As an elder law attorney, I am often contacted by an adult child who is caring for a parent displaying signs of dementia or recently diagnosed with Alzheimer’s Disease.  The parent may be having trouble paying bills, remembering appointments, or dealing with the medical establishment.  The child quickly learns that he or she has no legal authority to handle the parent’s affairs because the parent has not previously executed a Will, Durable Power of Attorney or Health Care Proxy empowering the child to make decisions for the parent.  The all important question that arises in these cases is whether the parent is still competent to sign legal documents.

To have legal capacity to execute a document requires that the person signing have sufficient mental capacity to understand and appreciate the implications of the document.  A person who lacks legal capacity cannot, for example, enter into a contact, give a power of attorney, make a will, consent to medical treatment, or transfer property.  Mental capacity to sign a document, however, should not be confused with a physical ability to sign one’s name.   Being physically incapacitated, such as being paralyzed, does not mean that person is legally incapacitated or that she is unable to understand the documents and its implications.  The law will permit a person to sign an “X,” or a mark, that, so long as properly witnessed, will suffice just the same as a signature.  Further, even if the person is unable to make a mark, she can direct someone else to sign on her behalf.

In addition, the fact that a person has dementia or Alzheimer’s disease does not necessarily imply that the person lacks sufficient capacity to sign legal documents.   The standards for capacity to execute legal documents differ depending on the person’s abilities and the complexity of the document.  On one side, the person’s abilities may change substantially from day to day or even during the day depending on the course of her illness, fatigue and the effects of medication.  For example, your mother may have some memory problems and cognitive difficulties on one day but appear to be mentally sound on another day.  Since the legal ability to create a binding legal document depends on the state of mind of the person creating the document, she may be capable of signing a document on a “good day.”   On the other side, greater understanding is required for some legal activities than for others.  For example, the capacity required for entering into a contract is higher than that required to execute a Will.

To make a Will, a person must have “testamentary capacity.”  A person has testamentary capacity if at the time of the signing she (1) knows those persons who would naturally have some claim to her remembrance; (2) comprehends the kind and character of her property; (3) understands the nature and effect of making a Will; (4) and is able to make a disposition of her property according to a plan formed in her mind free from delusion which might influence the disposition of property.  This is a relatively low threshold to meet.  The fact that the person does not remember the Will signing the following day and does not have sufficient capacity to execute a Will at that time does not invalidate the Will if she understood it when she signed it.

There is not a clear test involved for signing a Power of Attorney.  Some practitioners argue that the person need only know that the document authorizes another to handle her financial affairs. This threshold is quite low.
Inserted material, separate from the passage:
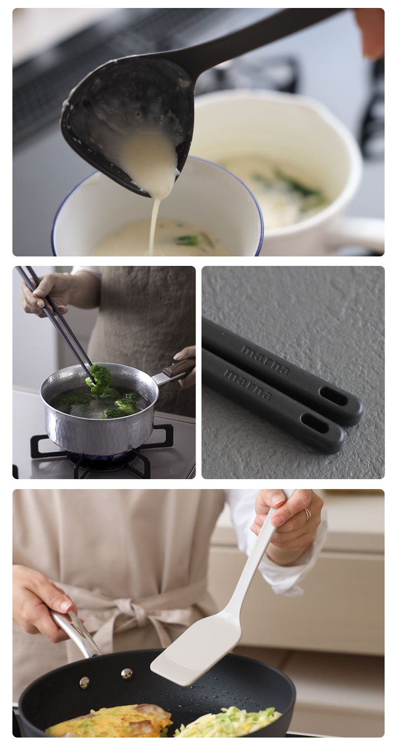 調理に欠かせないキッチンツール、まずは揃えておきたいマストアイテムのお玉・菜箸・ターナーの3点セット。この3点が揃えば、炒め物、汁物、和え物もスムーズに。どれも使いやすさを追求したこだわりのツールです。

Others argue that the capacity required should be the same as that required to enter into a simple contract.  The standards for entering into a contract require the ability to comprehend the nature, scope and quality of the transaction, together with an understanding of its significance and consequences of the documents.  This is a much higher threshold.
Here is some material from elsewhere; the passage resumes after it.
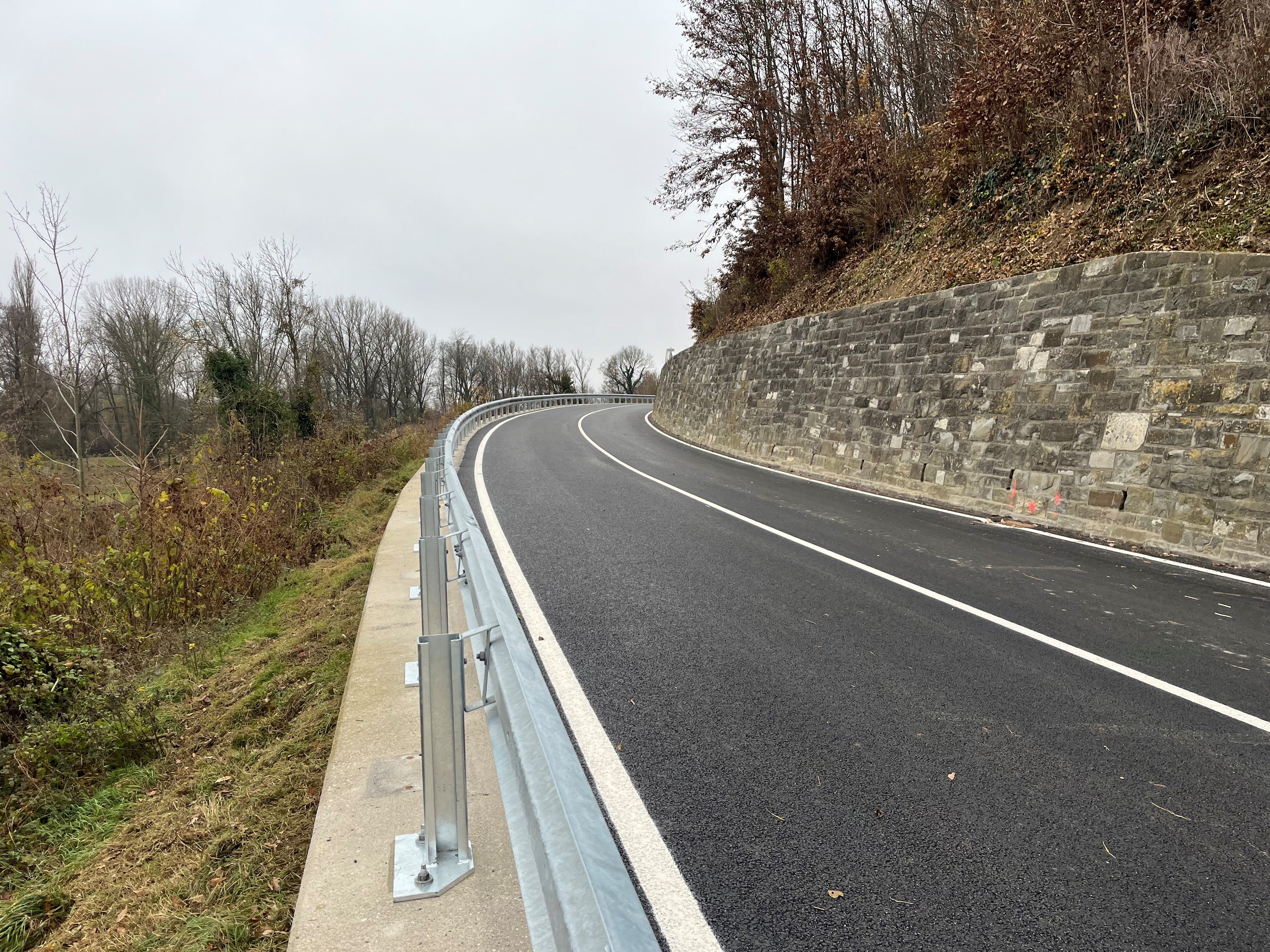 Um die Straße dauerhaft und sicher wiederherzustellen, waren umfassende geotechnische Maßnahmen notwendig. Auf einer Fläche von rund 3.200 m² wurde eine Felsvernetzung errichtet, die mit 358 verpressten Pfählen im Untergrund verankert ist. Eine geschlossene Bohrpfahlwand mit 366 Pfählen – davon 185 Großbohrpfähle bis zu 18 m Tiefe und 181 Drainagepfähle bis zu 6 m Tiefe – sichert nun den Straßenkörper auf einer Länge von etwa 600 Metern. Anschließend erfolgten der Neubau der Fahrbahn, das Setzen von Leitschienen, das Aufbringen der Bodenmarkierungen sowie die Humusierung der Böschungen. Die Gesamtkosten der Sanierung betragen rund 4,1 Millionen Euro und werden zur Gänze vom Land Niederösterreich getragen.

While these standards may seem clear, applying them to a particular individual may be difficult.  An attorney must meet privately with the person to assess her capacity before drafting or executing legal documents.  The determination of a person’s capacity is typically based on information gleaned by the attorney in interactions with the person, from family members and friends who spend a lot of time with the person, and, if necessary, from medical personnel.   Often an attorney will ask the person a series of questions, such as her name, address, number of children, current president, current year, etc.  The attorney will also ask the person to describe the legal help she wants and her reasons for her actions.  These questions may be asked over several visits to determine if the person is consistent in her answers.  Sometimes, it may be appropriate to have a doctor provide a professional evaluation of the person before asking her to sign the documents or to videotape the interview to show that the person did understand the consequences of her actions.  If the attorney reasonably believes that the person does not possess the required capacity, he or she cannot prepare the legal documents.  If that is the case, a guardianship or conservatorship may need to be brought in order for the child to have legal authority to handle the parent’s affairs.

A diagnosis of dementia can come as a great shock.  For most individuals and their families, the immediate concern is treatment.  While legal issues may not be at the top of the priority list, such issues are often a significant and time sensitive matter.  Legal and financial affairs should be attended to as soon as possible to ensure that your parent’s affairs will be organized in the future in the way he or she wishes. Consult an attorney for more questions about this subject and other concerns you may have.